** Given information follows **

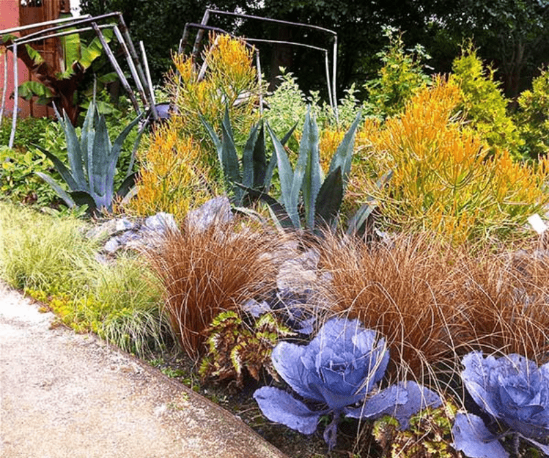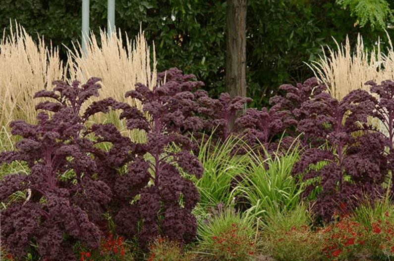 Ozdobna rabata kwiatowa, w której wprowadzono jarmuż „Redbor” (Brassica oleracea var. acephala ‘Redbor’) o purpurowych jadalnych liściach
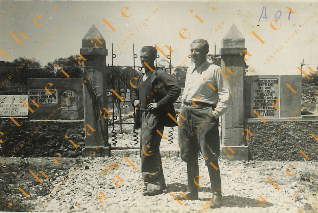 Beniamino Bez, a sinistra, con un connazionale davanti al cimitero militare di Dembeguinà.
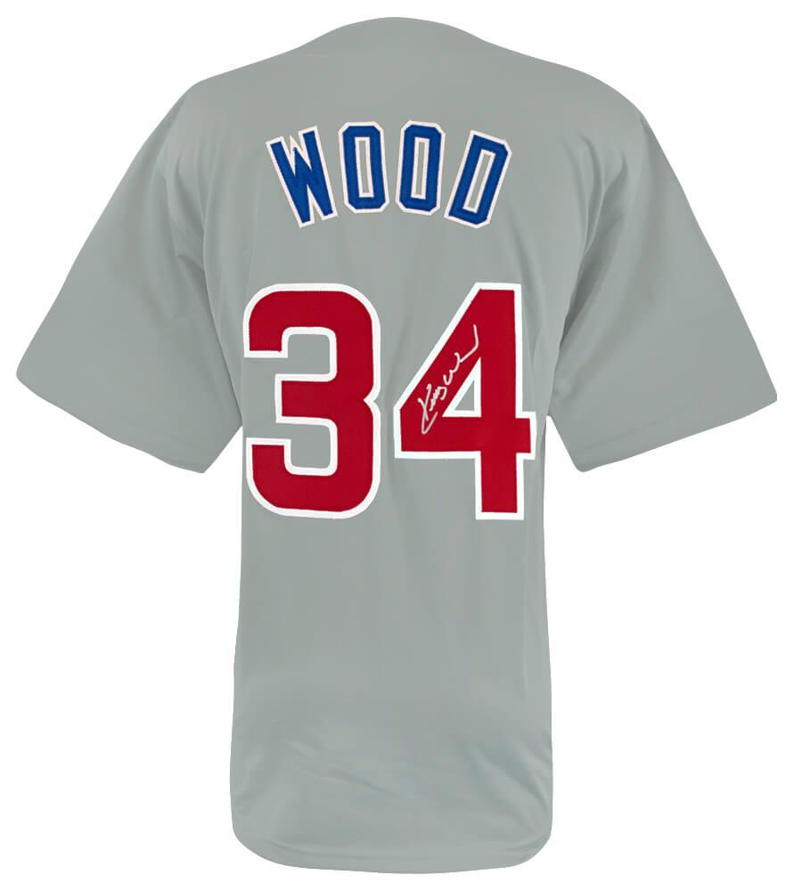 Custom jersey with everything sewn on, size XL. Hand-signed by Kerry Wood.
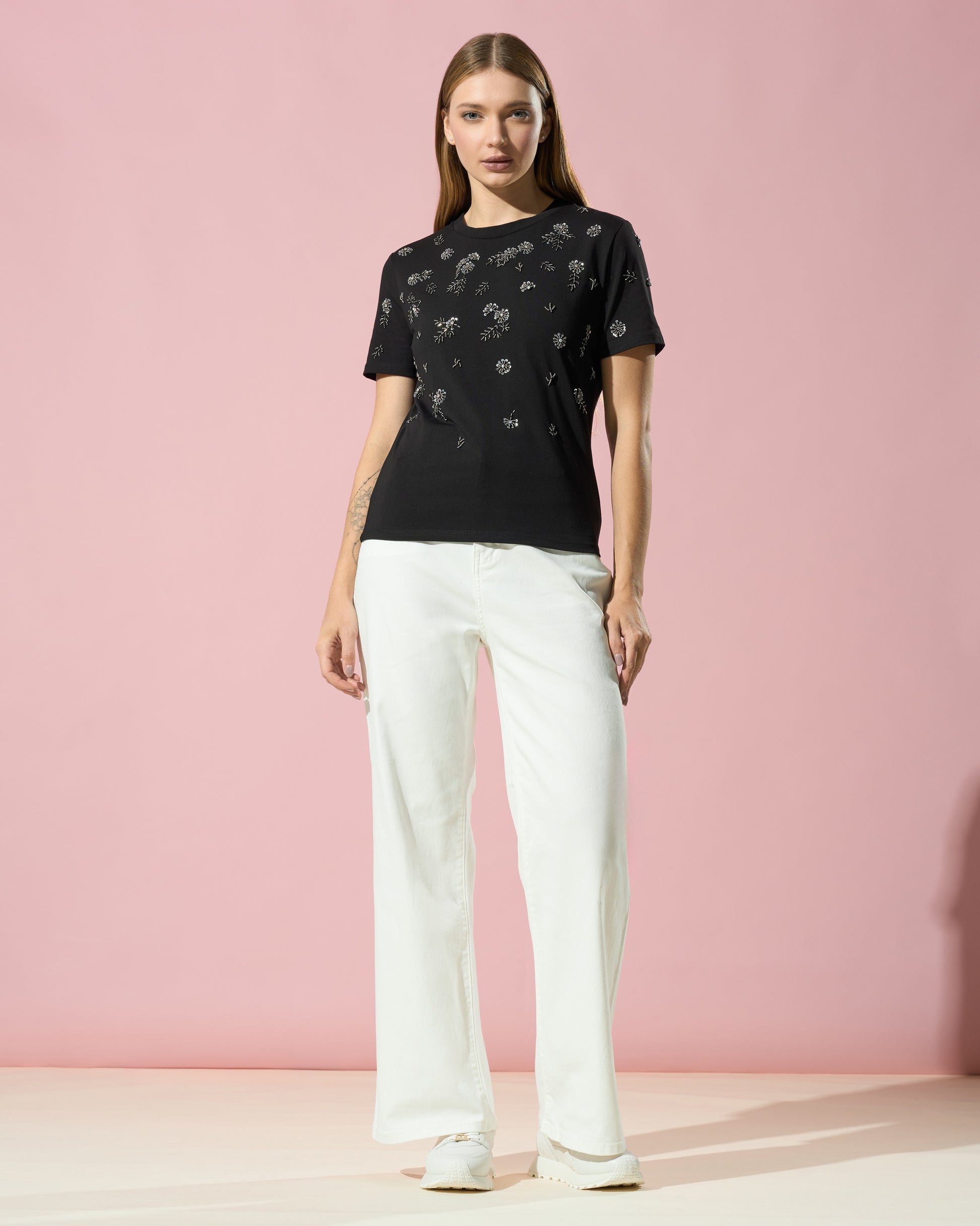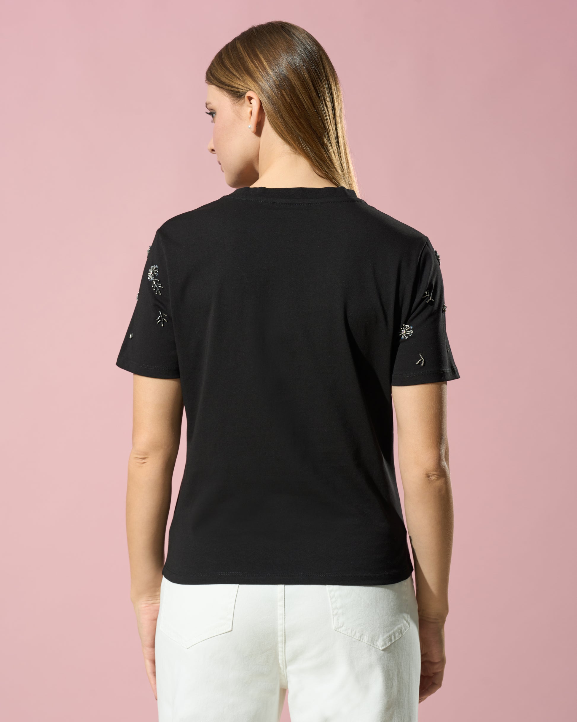 Designed for a relaxed fit, it offers everyday versatility, while sparkling crystal embellishments elevate its appeal, bringing an opulent twist to a casual silhouette.
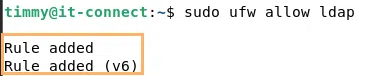 Nous allons utiliser « UFW » qui est un utilitaire simplifié pour configurer NetFilter. Pour autoriser le protocole LDAP (port 389/tcp) en entrée sur le serveur, tapez la commande suivante :
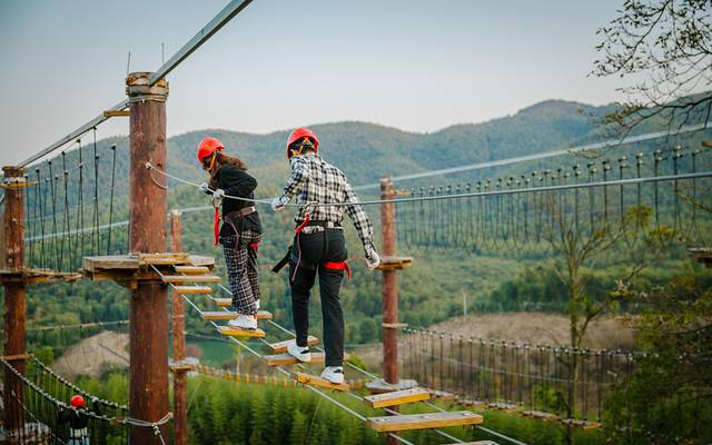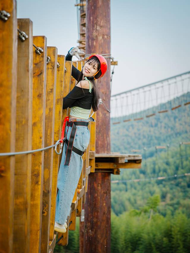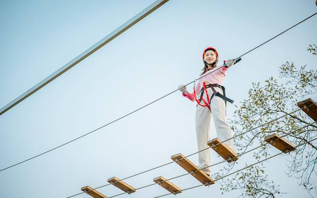 这个被称为勇敢者游戏的地方,搭建了各种难易不同,风格迥异,超强刺激的关卡障碍,整个项目被串连在了一起,足足有40个关卡之多,戴上头盔和安全套索,就可以选择体验悬空桥梁、网道、步道、木桶、秋千等各种丰富多彩的项目啦!
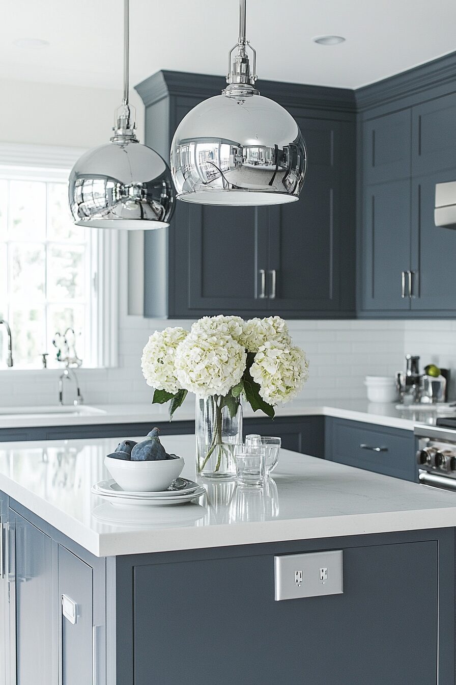 If your cabinets are a darker gray, a lighter blue creates beautiful contrast that highlights both colors.

** End of Given information **

▸ Exercise aim
Output exactly, and with no pictures, the lines from the line that holds "Custom jersey with" through the last line of the listing above.

▸ Reply to the task
 Custom jersey with everything sewn on, size XL. Hand-signed by Kerry Wood.
 Designed for a relaxed fit, it offers everyday versatility, while sparkling crystal embellishments elevate its appeal, bringing an opulent twist to a casual silhouette.
 Nous allons utiliser « UFW » qui est un utilitaire simplifié pour configurer NetFilter. Pour autoriser le protocole LDAP (port 389/tcp) en entrée sur le serveur, tapez la commande suivante :
 这个被称为勇敢者游戏的地方,搭建了各种难易不同,风格迥异,超强刺激的关卡障碍,整个项目被串连在了一起,足足有40个关卡之多,戴上头盔和安全套索,就可以选择体验悬空桥梁、网道、步道、木桶、秋千等各种丰富多彩的项目啦!
 If your cabinets are a darker gray, a lighter blue creates beautiful contrast that highlights both colors.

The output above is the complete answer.